Some authors have defined a drug concentration resulting in 50% reduction of AB as the MBIC.12,14 In our study, we did not aim to find the exact MBIC cut-off as we used only three different drug concentrations, in 10-fold increasing steps. It is well known that after bacterial biofilms have been exposed to antibiotics bacterial re-growth is the rule.32 We therefore used stricter criteria defining strong and complete suppression of metabolic activity. As others, we believe that the AB method is an attractive candidate for a standard method of biofilm susceptibility testing.12 However, more data, including animal experiments and clinical experience in biofilm associated infections, are needed to define broadly applicable and clinical useful MBIC cut-offs.
Previous studies have reported promising therapeutic potential of the SAMPs used in this study when tested on several clinically relevant, multiresistant bacteria.26,27 Our hypothesis was that these SAMPs also would be more effective than conventional antibiotics in killing staphylococci in biofilms. All Ltx SAMPs were clearly more effective in reducing metabolic activity in staphylococcal biofilms at low concentrations compared with antibiotics, even though they generally had higher MICs under planktonic growth conditions. Under planktonic growth conditions, all strains used in this study were sensitive to vancomycin, linezolid, rifampicin and tetracycline. Poor antimicrobial activity of vancomycin on staphylococcal biofilms has been reported previously.12,33 In our study, 50 mg/L vancomycin exerted a strong suppression of metabolic activity on mature biofilms from four out of the six strains tested. Still, CLSM confirmed that most bacteria were not killed by this concentration. In general, antibiotics were rarely able to cause a complete suppression of metabolic activity. In contrast, SAMPs were frequently able to suppress metabolic activity completely, indicating effective killing. Images obtained by the CLSM further supported this finding. Treatment with 500 mg/L Ltx5 caused membrane damage of all cells, indicating cell lysis in the S. haemolyticus biofilm. Previous studies have also showed that the SAMPs used in this study affect the bacterial membrane integrity and lead to cell lysis in a concentration dependent manner.26,27 Biofilms treated with 500 mg/L tetracycline still contained a significant number of living cells, as recorded by LIVE/DEAD staining, even though there was hardly any measurable metabolic activity in the corresponding biofilm assay.
There are alternative ways to interpret this discrepancy between findings from our confocal pictures and biofilm assays. First, although bacterial cells still had an intact cell membrane after treatment with tetracycline, they might have extremely low metabolic activity due to its bacteriostatic effect. Second, biofilm grown on the cover slides used for CLSM may show an increased tolerance to tetracycline compared with biofilm grown in the wells of a microtitre plate. It is well known that the environment and growth conditions may affect the architecture of a biofilm34 and that differences in this architecture can affect the sensitivity of the cells to antimicrobial agents.35 Third, there is a possibility that the correlation between the reduction of AB and metabolic activity is non-linear and that values in the low ranges of percentage AB reduction (e.g. after treatment with 500 mg/L tetracycline) underestimate the metabolic activity.
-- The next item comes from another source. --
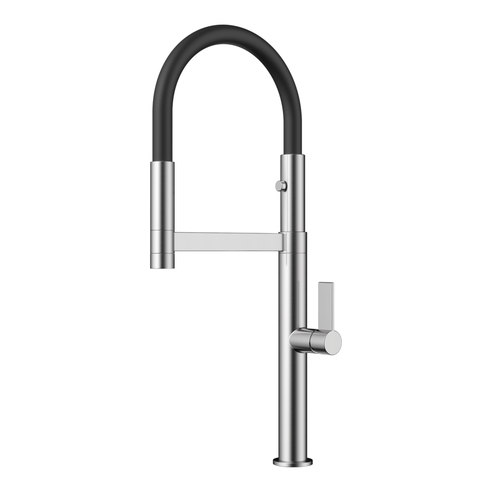Смеситель для кухни Omoikiri Osaka оснащен рычажным управлением для регулировки температуры и напора воды. Горизонтальный монтаж на 1 отверстие. Гибкий излив 220 мм.

Our results indicate that when treatment with 500 mg/L Ltx5 causes a complete suppression of metabolic activity, all cell membranes are also disrupted and bacterial cells are expected to be dead. Furthermore, the antimicrobial properties of SAMPS seem to be similar on bacteria embedded in a biofilm and planktonic bacteria. We believe that the superior antimicrobial effect of the Ltx SAMPs compared with antibiotics is the result of lysis of staphylococci when these agents are used above a certain concentration. It seems that Ltx SAMPs cause damage of the bacterial cell membranes even in slow growing or dormant bacteria embedded in a biofilm. In contrast, the antimicrobial agents used in this study predominantly affect growing bacteria by inhibiting their cell wall development (vancomycin) or by inhibition of their protein synthesis (linezolid, rifampicin and tetracycline).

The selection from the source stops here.